“Demi apa sekarang aku malah terjebak jadi pemain basket dadakan??”
Ully berdiri di dekat ring basket menunggu operan dari temannya. Olahraga yang tidak dia suka justru dia mainkan dalam kegiatan classmate tahun ini. Entah apa yang ada dalam pikiran teman-temannya sampai dia diikutkan dalam kelompok basket. Dan di sinilah dia sekarang, bergulat dengan pertandingan basket di bawah sinar matahari yang mulai terik dan keringat yang mulai membanjiri tubuhnya.
PRIITTT…!!
Bunyi peluit menandakan berakhirnya pertandingan basket dengan keluarnya XI IPA 1 sebagai pemenang. “Syukurlah kelasku kalah, jadi aku nggak perlu main lagi.”
Para pemain yang baru selesai tanding tadi segera berhamburan keluar lapangan, beberapa di antaranya singgah ke kantin dekat lapangan, termasuk Ully.
“Wah, kamu ternyata jago ya main basket? Haha.” seru Lina saat Ully datang menghampirinya di kantin.
“Nyindir ya, neng? Udah tahu aku asal main aja tadi.” ujarnya sambil manyun.
“Eh, tapi kan lumayan buat pemula kayak kamu.”
“Su-per pe-mu-la! Aku ini bukan ‘pemula’ biasa.”
“Yee…jadi pemula, bangga…”
“Udah ah, nggak usah bahas itu lagi, males. Cerita yang lain aja.”
Lina mendekatkan kepalanya ke arah Ully sambil memilin-milin rambutnya. Ully tahu, kalau sudah seperti ini berarti Lina bakal merayunya. Hmm…kira-kira apa ya, yang akan diminta Lina dari Ully?
“Ly, ayo nginep di rumahku!” Tuh kan, benar.
“Hah? Ngapain?”
“Ngapain? Ya main, lah. Kita kan udah lama nggak hang out bareng, ujiannya juga udah selesai.”
Mengingat rumah Lina berarti mengingat tempat ‘kenangannya’ bersama Ogie, dan segera setelah itu bayangan yang menghampiri Ully adalah tentang Ogie, Ogie dan Ogie. Sudah berbulan-bulan berlalu memang, sejak dia ‘berpisah’ dari Ogie, tapi dia tak mau ambil resiko untuk membuka luka lamanya itu.
“Enggak ah, Lin.”
“Yah…padahal kan aku pengen gila-gilaan lagi sama kamu, Ly.”
Melihat temannya cemberut, Ully tak tega. “Gimana kalau kamu aja yang nginep di rumahku? Gantian…”
“Di rumahmu?” Ully mengangguk. “Nggak apa-apa?”
“Yaelah…kalau nggak boleh mah nggak aku tawarin, Lin.”

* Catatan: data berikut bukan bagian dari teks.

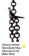 elements corrents en les excavacions arqueològiques. Solen ser de bronze i poden portar alguna decoració, com ara perles de corall. Les portaven tant les dones com els homes i la seva grandària depenia del gruix del gènere tèxtil que havien d'aguantar. La fíbula ibèrica més típica és l'anomenada fíbula anular, de forma rodona, que s'utilitzarà entre els segles V i I a.n.e., cinc-cents anys sense passar de moda (tot un èxit!). A partir d'aquest moment, les fíbules desapareixen, innecessàries per la nova moda introduïda pels romans, la toga. |

Lina tersenyum lebar. “Oke deh!”
“Kalau begitu bayarin makanku, ya.” lalu Ully langsung kabur begitu saja. “Mbak! Aku dibayarin dia!” serunya sambil menunjuk ke arah Lina yang masih bengong. Dari kejauhan Ully berteriak riang, “Makasih ya, Lin!”
***
“Apalagi Lin, yang dibutuhin?” Ully memasukkan 2 sachet susu kental manis dan margarin ke dalam keranjang belanjaan yang dibawa Lina.
“Hmm…tepung udah, susu, baking powder, selai coklat, margarin…Kayaknya udah lengkap kok, Ly.”
“Ya udah, langsung ke kasir aja yuk.”
Hari itu Lina berencana untuk menginap di rumah Ully. Setelah pulang sekolah dan mampir terlebih dahulu ke rumah Lina untuk mengambil baju gantinya, saat ini mereka sedang berada di sebuah swalayan di dekat rumah Ully. Kesempatan itu akan mereka manfaatkan untuk mencoba resep baru, yaitu “crepes”.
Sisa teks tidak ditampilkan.